======== DATA ========

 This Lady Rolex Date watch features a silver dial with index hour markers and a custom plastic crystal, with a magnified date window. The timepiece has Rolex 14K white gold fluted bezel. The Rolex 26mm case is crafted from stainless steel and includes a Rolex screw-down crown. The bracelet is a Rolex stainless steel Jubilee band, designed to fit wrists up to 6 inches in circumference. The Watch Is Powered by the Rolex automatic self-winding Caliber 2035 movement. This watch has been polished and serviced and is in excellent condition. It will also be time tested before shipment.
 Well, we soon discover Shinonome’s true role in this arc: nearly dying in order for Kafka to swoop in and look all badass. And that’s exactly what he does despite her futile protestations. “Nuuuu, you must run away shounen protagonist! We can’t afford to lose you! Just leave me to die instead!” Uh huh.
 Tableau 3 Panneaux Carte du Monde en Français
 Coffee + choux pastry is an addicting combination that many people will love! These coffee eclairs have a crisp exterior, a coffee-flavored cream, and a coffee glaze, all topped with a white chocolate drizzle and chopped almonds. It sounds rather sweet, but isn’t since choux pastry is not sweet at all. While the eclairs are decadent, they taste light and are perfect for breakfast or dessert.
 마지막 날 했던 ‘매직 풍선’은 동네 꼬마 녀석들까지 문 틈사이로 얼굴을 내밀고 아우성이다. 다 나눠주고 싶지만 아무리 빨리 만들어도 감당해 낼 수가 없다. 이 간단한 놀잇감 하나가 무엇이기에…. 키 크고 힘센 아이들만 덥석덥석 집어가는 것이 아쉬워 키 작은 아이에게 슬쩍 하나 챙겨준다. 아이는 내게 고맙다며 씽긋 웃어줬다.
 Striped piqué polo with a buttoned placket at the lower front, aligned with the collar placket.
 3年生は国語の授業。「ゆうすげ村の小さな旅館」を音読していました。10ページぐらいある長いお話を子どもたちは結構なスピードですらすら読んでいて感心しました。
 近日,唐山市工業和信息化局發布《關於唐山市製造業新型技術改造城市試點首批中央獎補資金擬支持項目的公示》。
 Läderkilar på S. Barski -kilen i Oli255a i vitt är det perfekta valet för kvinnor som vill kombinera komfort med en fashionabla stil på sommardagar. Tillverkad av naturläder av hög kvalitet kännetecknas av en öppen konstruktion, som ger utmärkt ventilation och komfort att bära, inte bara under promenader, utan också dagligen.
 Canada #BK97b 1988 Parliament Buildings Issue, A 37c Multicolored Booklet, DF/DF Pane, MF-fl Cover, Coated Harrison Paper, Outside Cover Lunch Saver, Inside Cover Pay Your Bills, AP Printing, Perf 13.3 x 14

========

== PROBLEM STATEMENT ==
Repeat every line of the material exactly.

== ANSWER FOR THE TASK ==
 This Lady Rolex Date watch features a silver dial with index hour markers and a custom plastic crystal, with a magnified date window. The timepiece has Rolex 14K white gold fluted bezel. The Rolex 26mm case is crafted from stainless steel and includes a Rolex screw-down crown. The bracelet is a Rolex stainless steel Jubilee band, designed to fit wrists up to 6 inches in circumference. The Watch Is Powered by the Rolex automatic self-winding Caliber 2035 movement. This watch has been polished and serviced and is in excellent condition. It will also be time tested before shipment.
 Well, we soon discover Shinonome’s true role in this arc: nearly dying in order for Kafka to swoop in and look all badass. And that’s exactly what he does despite her futile protestations. “Nuuuu, you must run away shounen protagonist! We can’t afford to lose you! Just leave me to die instead!” Uh huh.
 Tableau 3 Panneaux Carte du Monde en Français
 Coffee + choux pastry is an addicting combination that many people will love! These coffee eclairs have a crisp exterior, a coffee-flavored cream, and a coffee glaze, all topped with a white chocolate drizzle and chopped almonds. It sounds rather sweet, but isn’t since choux pastry is not sweet at all. While the eclairs are decadent, they taste light and are perfect for breakfast or dessert.
 마지막 날 했던 ‘매직 풍선’은 동네 꼬마 녀석들까지 문 틈사이로 얼굴을 내밀고 아우성이다. 다 나눠주고 싶지만 아무리 빨리 만들어도 감당해 낼 수가 없다. 이 간단한 놀잇감 하나가 무엇이기에…. 키 크고 힘센 아이들만 덥석덥석 집어가는 것이 아쉬워 키 작은 아이에게 슬쩍 하나 챙겨준다. 아이는 내게 고맙다며 씽긋 웃어줬다.
 Striped piqué polo with a buttoned placket at the lower front, aligned with the collar placket.
 3年生は国語の授業。「ゆうすげ村の小さな旅館」を音読していました。10ページぐらいある長いお話を子どもたちは結構なスピードですらすら読んでいて感心しました。
 近日,唐山市工業和信息化局發布《關於唐山市製造業新型技術改造城市試點首批中央獎補資金擬支持項目的公示》。
 Läderkilar på S. Barski -kilen i Oli255a i vitt är det perfekta valet för kvinnor som vill kombinera komfort med en fashionabla stil på sommardagar. Tillverkad av naturläder av hög kvalitet kännetecknas av en öppen konstruktion, som ger utmärkt ventilation och komfort att bära, inte bara under promenader, utan också dagligen.
 Canada #BK97b 1988 Parliament Buildings Issue, A 37c Multicolored Booklet, DF/DF Pane, MF-fl Cover, Coated Harrison Paper, Outside Cover Lunch Saver, Inside Cover Pay Your Bills, AP Printing, Perf 13.3 x 14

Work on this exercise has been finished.